Particle morphology, particularly the aerodynamic shape of a particle, can be readily assessed using standard light microscopy. It is preferred that the particles which make up the instant powders have a substantially spherical or at least substantially elliptical aerodynamic shape. It is also preferred that the particles have an axis ratio of 3 or less to avoid the presence of rod- or needle-shaped particles. These same microscopic techniques can also be used to assess the particle surface characteristics, e.g., the amount and extent of surface voids or degree of porosity.

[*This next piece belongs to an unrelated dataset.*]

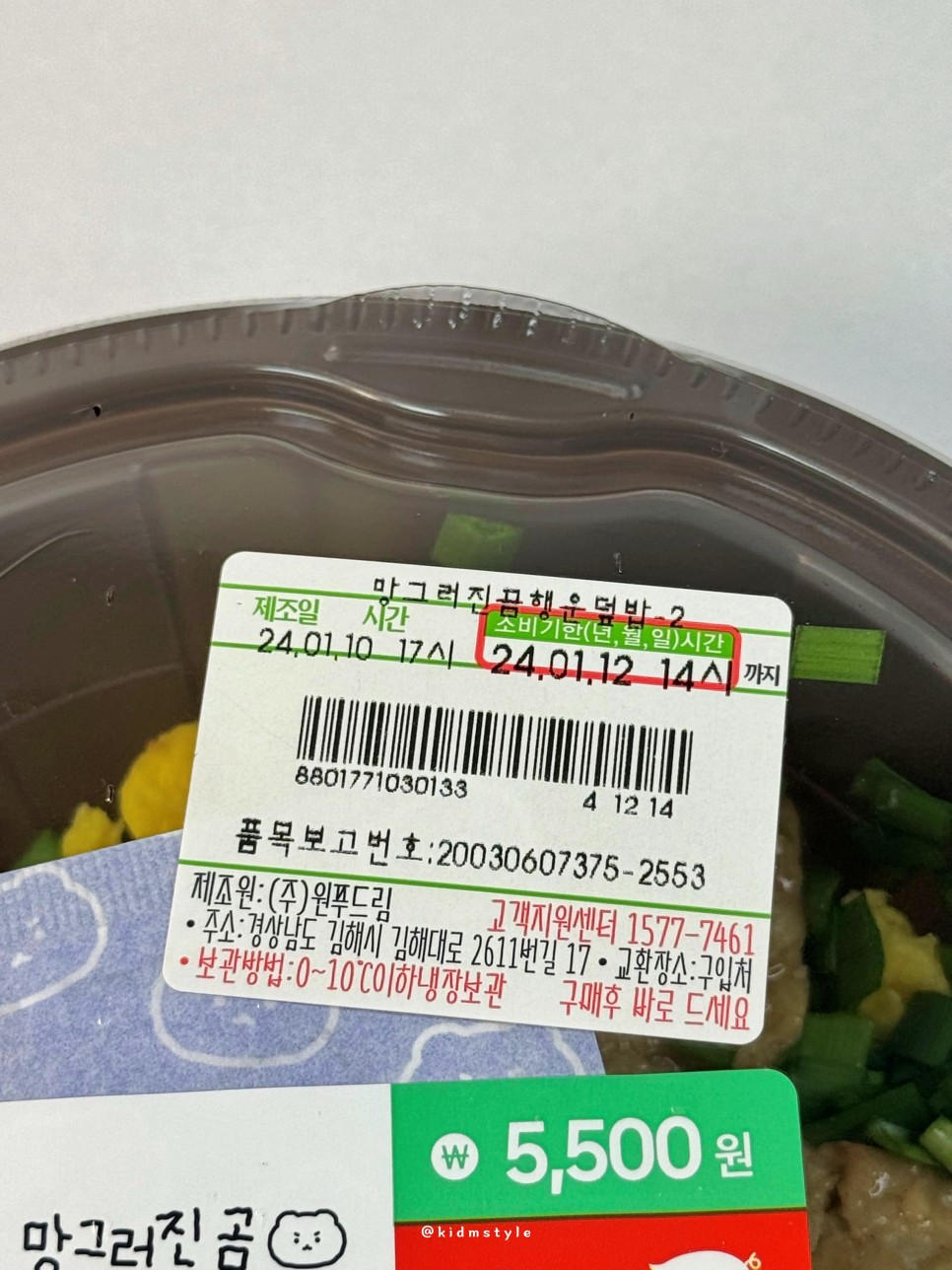 제조일부터 소비기한까지 이틀 정도로 짧은 편이며 제조는 김해의 원푸드림이라는 곳에서 하는데 부산 쪽에서 도시락을 구입하면 원푸드림에서 만든 제품이 꽤 많다. 작년 이맘때 CU 제품 엄청 리뷰했을 때의 포스팅을 참고해 보셔도 된다.

Particle penetration energies can be ascertained using a number of conventional techniques, for example a metallized film P.E. test.

B. General Methods

In one embodiment, a powdered pharmaceutical composition is provided, wherein the powder composition (which is comprised of particles) is produced using a spray-coating technique. The powders are suitable for transdermal administration from a needleless syringe delivery system, and as such, the particles which make up the powdered composition must have sufficient physical strength to withstand sudden acceleration to several times the speed of sound and the impact with, and passage through, the skin and tissue. The particles are formed by spray-coating an aqueous pharmaceutical composition onto suitable seed particles. The particles can be delivered from a needleless syringe system such as those described in commonly owned International Publication Nos. WO 94/24263, WO 96/04947, WO 96/12513, and WO 96/20022, all of which are incorporated herein by reference.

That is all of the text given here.